Hybrid Optomechanical Cooling with Kerr Magnons and Squeezed Vacuum

TL;DR

This paper introduces a hybrid optomechanical cooling method using Kerr magnons and squeezed vacuum to achieve ground-state cooling even in the unresolved-sideband regime, surpassing quantum backaction limits.

Contribution

It proposes a novel cooling strategy leveraging magnon-induced two-photon processes and squeezed vacuum, enabling complete suppression of heating in challenging regimes.

Findings

Achieves cooling beyond quantum backaction limit in unresolved-sideband regime

Enhanced cooling rates with squeezed vacuum injection

Outperforms existing schemes without Kerr magnons

Abstract

Ground-state cooling is essential for accessing the quantum regime and enabling quantum control of macroscopic systems. However, achieving optomechanical cooling in the unresolved-sideband regime ($\omega_b < \kappa$) remains challenging. In this Letter, we propose an efficient cooling strategy based on a hybrid optomechanical system incorporating a yttrium iron garnet (YIG) sphere embedded in an optomechanical cavity. Under strong cavity driving, the Kerr nonlinearity of the magnons hosted in the YIG sphere gives rise to a two-magnon process.

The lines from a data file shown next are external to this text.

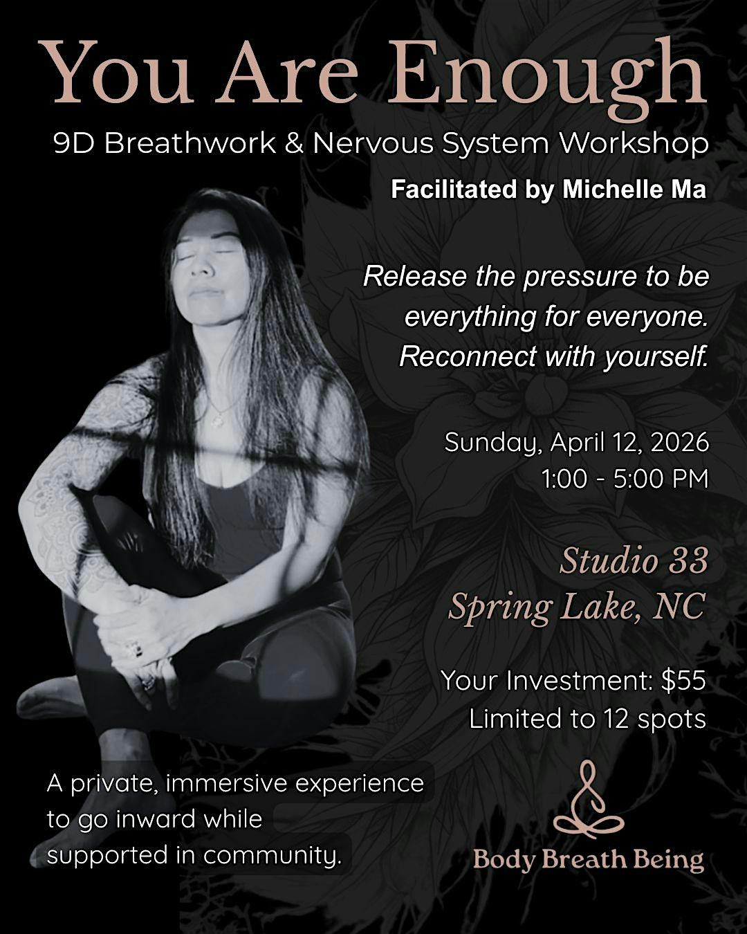 You Are Enough is a guided breathwork and nervous system workshop designed for those who carry a lot—responsibility, pressure, expectations—and still find themselves questioning if they’re doing enough or being enough.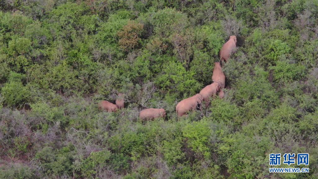 6月22日在云南省玉溪市峨山縣大龍潭鄉附近拍攝的象群(無人機視頻截圖)。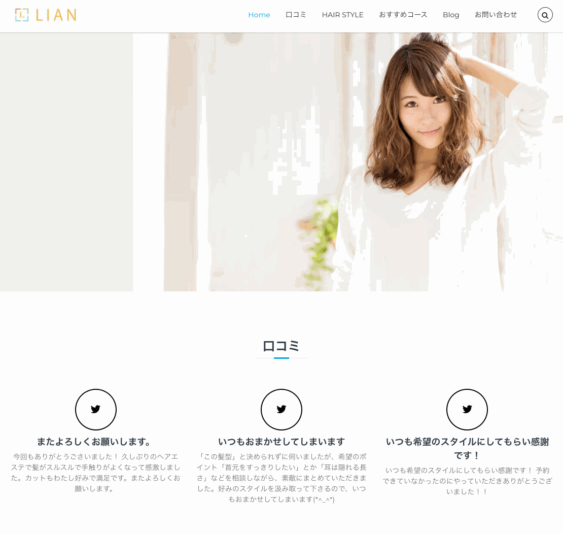 20~30代の女性のお客様が多い店舗の想定のため、お客様の層に最適な画像素材を使用しております。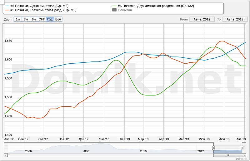 А на Позняках — массиве, хоть и удобном в отношении транспорта и инфраструктуры, но застроенном порой слишком плотно высотками класса «эконом» и ниже — квартиры в новостройках в цене, наоборот, растут: на 6,3 % за год, до $ 1627 за квадратный метр. Причем, как ни странно, здесь дорожают все типы квартир: однокомнатные на 5,4 %, до $ 1650/кв. м., двухкомнатные — на 8,7 %, до $ 1587, трехкомнатные — на 8,4 %, до $ 1605 за квадратный метр. Но, как видно на графике, если рост в сегменте однокомнатных относительно стабилен, то в других цены ощутимо колеблются, и на данный момент наметился спад.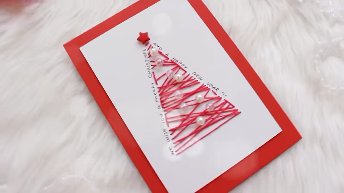 Это креативный вариант классического представления о символе Нового года. Аппликация выполнена в минималистическом стиле. Красный и белый цвет отлично сочетаются с перламутровыми бусинами. От этого дизайна открытка становится более изысканной. Алгоритм выполнения состоит из пары шагов. С ним справится даже тот, кто не умеет шить.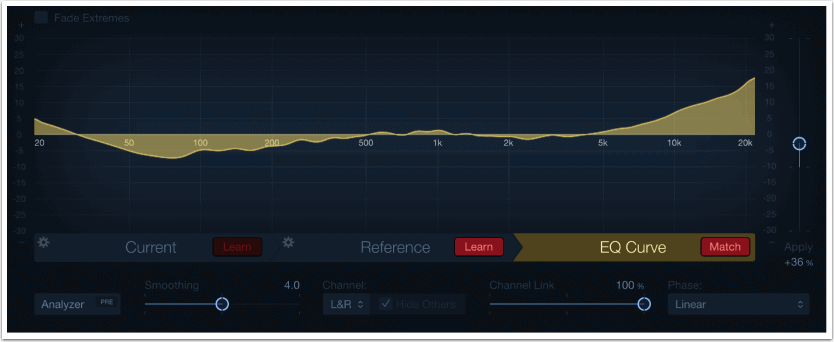 Mit dem Match EQ kannst du das Frequenzspektrum eines Input-Signals analysieren, als akustischen „Fingerabdruck“ speichern, und anschließend auf ein anderes Audiosignal anwenden. Dieser Vorgang wird auch als „Fingerprint EQ-ing“ bezeichnet. Das Spektrum des Quellsignals wird dabei mit dem Frequenzgang des aktuellen Signals verglichen. Basierend auf dem Unterschied beider Spektren wird dann eine Filterkurve erstellt, die den Klang des neuen Signals der Vorlage angleicht.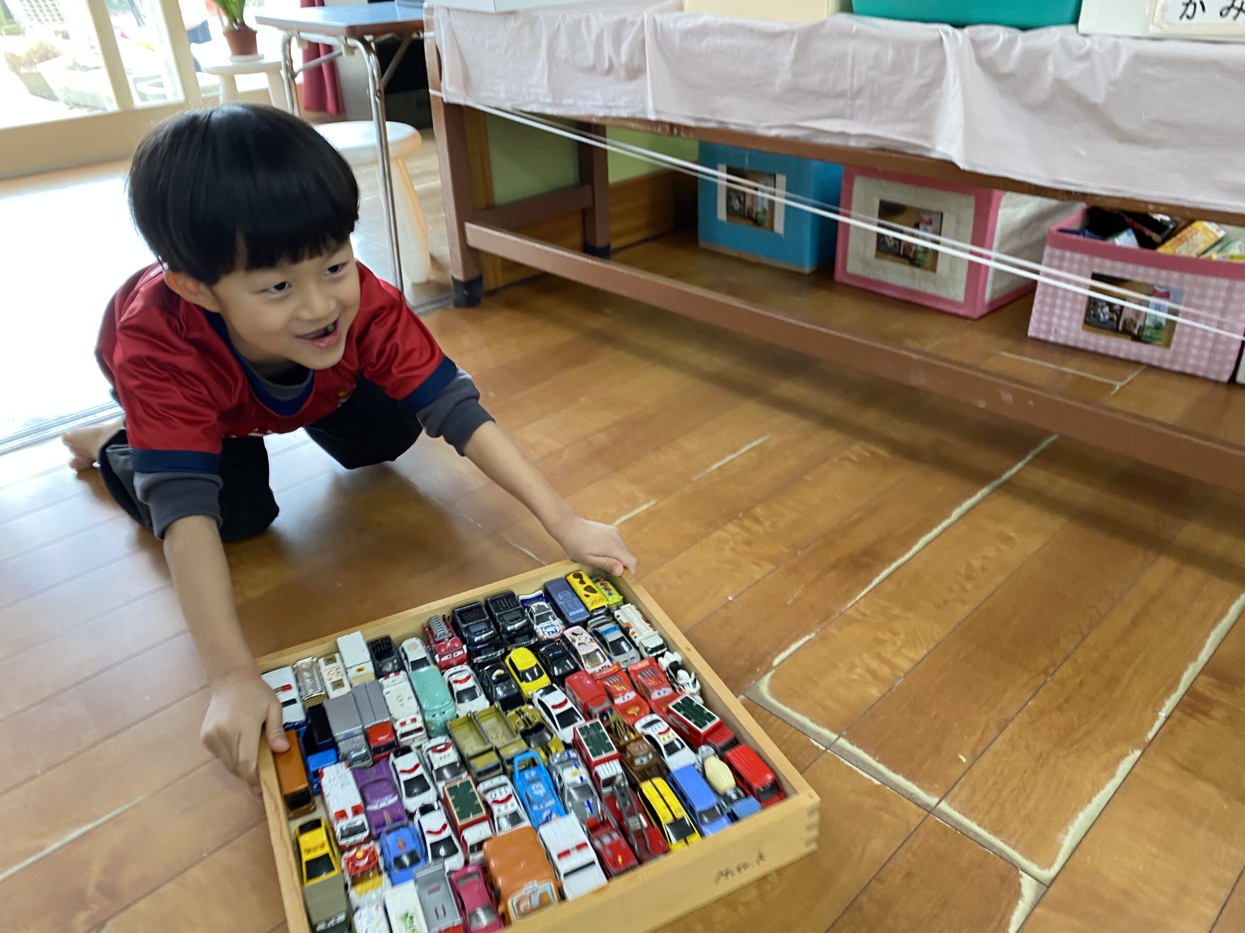 - 積み木の箱に ぴったりはまっているのは 使い込まれたミニカー。平面で見ると こんなにあったんだとよくわかりました。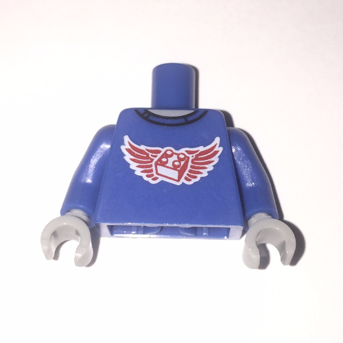 - Nom : Torso Shirt with Red Wings and 2 x 2 Brick Print / Blue Arms / Light Bluish Gray Hands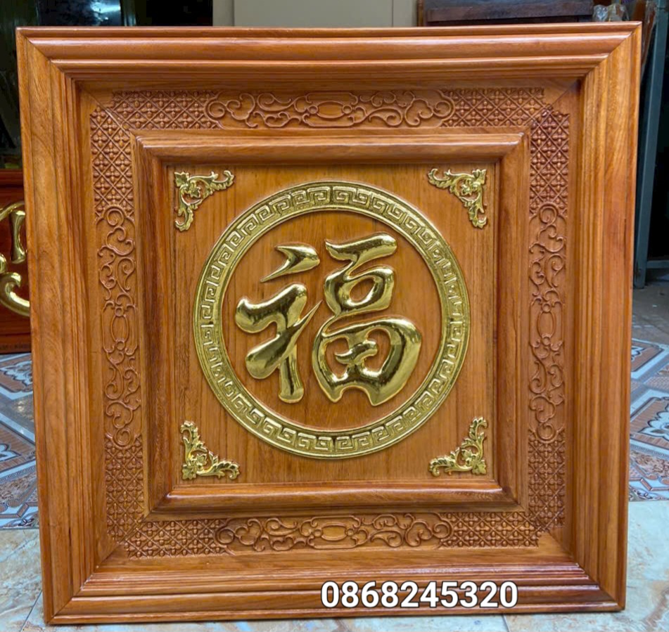 _ Tranh chữ phúc được làm bằng chất liệu gỗ gõ tự nhiên 100% _ Kt mặt vuông 61×61×4cm _ Tranh được khắc nổi tỉ mỉ ,tinh xảo kỳ công .Từ những người thợ giàu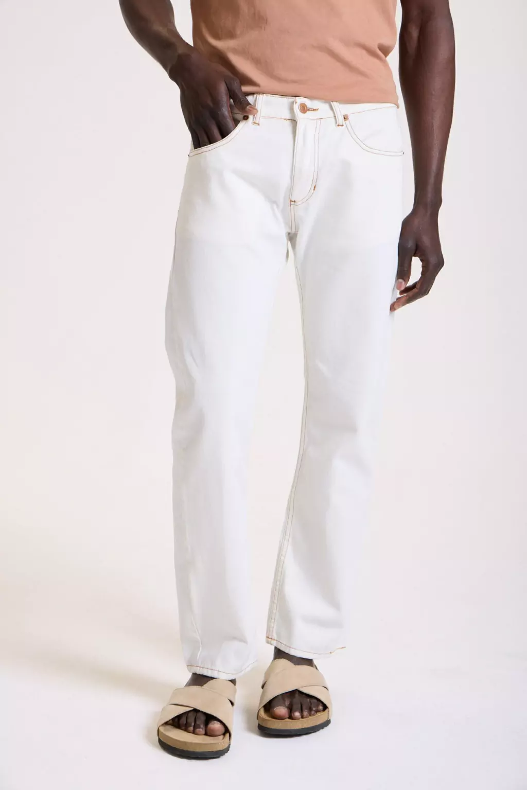 Jean recto confeccionado en gabardina de 8 oz y 100% algodón, en un elegante color blanco. Su diseño incluye cinco bolsillos, avíos metálicos en color cobre y un detalle de bordado "GOOD" en color crudo sobre el bolsillo trasero. Este modelo se combina perfectamente con la campera Western Relax Good para un conjunto total white, ideal para un look diario moderno y sofisticado.
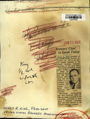 1964 Press Photo Henry B. King, President of United States Brewers Association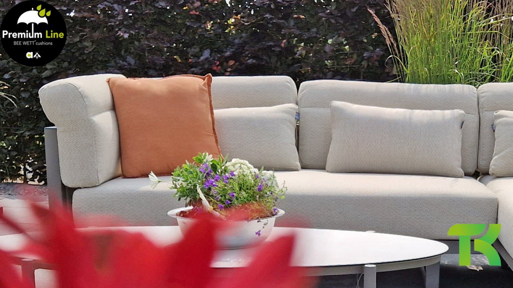 Apple Bee Santorini Lounge: Wenn Sie ein elegantes und kubistisches Lounge-Set mögen, aber keine Kompromisse bei Launen eingehen wollen … schauen Sie hier, das Santorini! Ein schlanker Vierkantrohrrahmen aus Aluminium, pulverbeschichtet in warmem Taupe. Dieses Set ist in zwei Versionen erhältlich. Der Unterschied liegt in den Paneelen in den Armen und im Rücken, die wie ein Gemälde vom Rahmen eingerahmt zu sein scheinen. In der ersten Version ist das Panel mit einem schönen gemischten Seil umwickelt. Dadurch bleibt das Set luftig mit einem zeitgemäßen Look. Die andere Version hat gepolsterte Paneele im gleichen Stoff wie die Kissen. Das verleiht dem Set sofort mehr Klasse und Luxus. Die Arm- und Rückenkissen des Santorini sind etwas Besonderes und biegen sich leicht über die Armlehnen. Sie verleihen den ansonsten klaren Linien einen weichen Touch. Dadurch können Sie sich auch bequem hinlegen. Bequeme Lendenkissen sind im Lieferumfang des Santorini enthalten. So können Sie sich voll und ganz einleben und auch an kühleren Tagen ein gemütliches Plätzchen schaffen.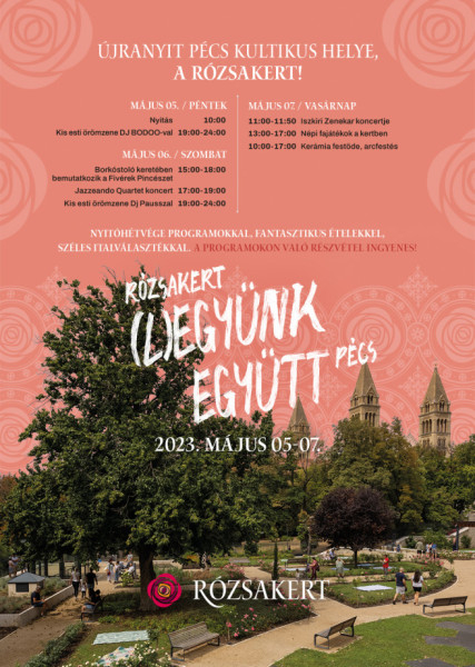 Minden betérőnek élményt kínálnak a szeretet, a nyugalom, a minőségi kikapcsolódás, az élőzene, az illatok és a felejthetetlen ízek jegyében, amelyek megfűszerezik a náluk töltött időt. A nyitó hétvégén, május 5–7-én színes programok közül válogathatnak az érdeklődők – olvasható a Rózsakert honlapján. Lesz jazzkoncert, örömzenélés, borkóstoló és anyák napi családi nap.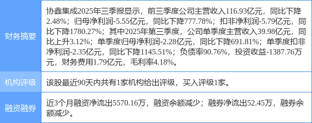 2025年10月13日,太平洋研究员刘强,钟欣材发布了对协鑫集成的研报《协鑫集成2025年中报点评:出货保持行业前列,2025年上半年盈利承压》,该研报对协鑫集成给出“买入”评级。研报中预计公司2025-2027年营业收入分别为156.15亿元、203.48亿元、239.16亿元;归母净利润分别为-3.89亿元、2.08亿元、4.08亿元,对应EPS分别为-0.07元、0.04元、0.07元,维持“买入”评级。证券之星数据中心根据近三年发布的研报数据计算,该研报作者对此股的盈利预测准确度为9.72%。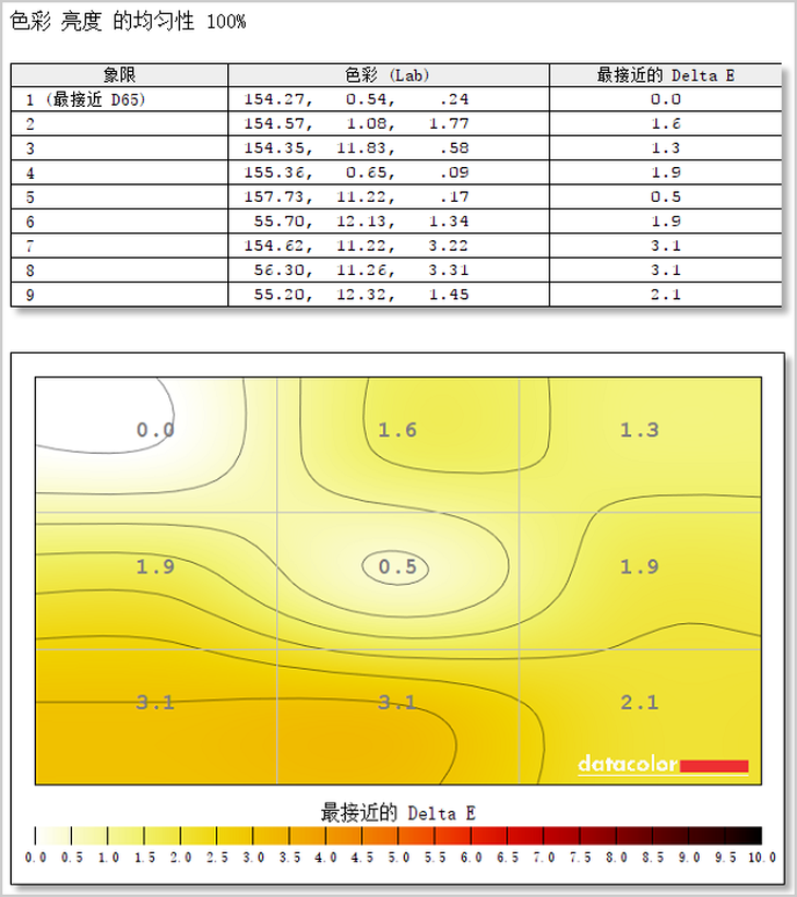 测试小结:在D65标准中,色温值为6500K表示色彩比较准确,不会出现偏冷或者偏暖。通过测试可知,sRGB色彩模式下,这款显示器左上角区域(1号测试区域)最接近D65的标准。屏幕下方和左下角区域(7、8号测试区域)偏差最大,差值为3.1。3.1的色温差值,表现尚可。

Adiabatic elimination of the magnons yields an effective two-photon process in the cavity, which destructively interferes with all dissipative channels, surpassing the quantum backaction limit and enabling \textit{complete suppression} of heating under optimal conditions, even in the deeply unresolved sideband regime (DUSR: $\omega_b \ll \kappa$). Moreover, injecting squeezed vacuum noise into the cavity not only preserves these advantages but also delivers additional enhancements, including higher net cooling rates, reduced optomechanical coupling requirements, and improved noise robustness. Comparative analysis shows that our approach outperforms existing schemes without Kerr magnons, underscoring the potential of integrating nonlinear magnonics with optomechanics for quantum control of macroscopic mechanical systems.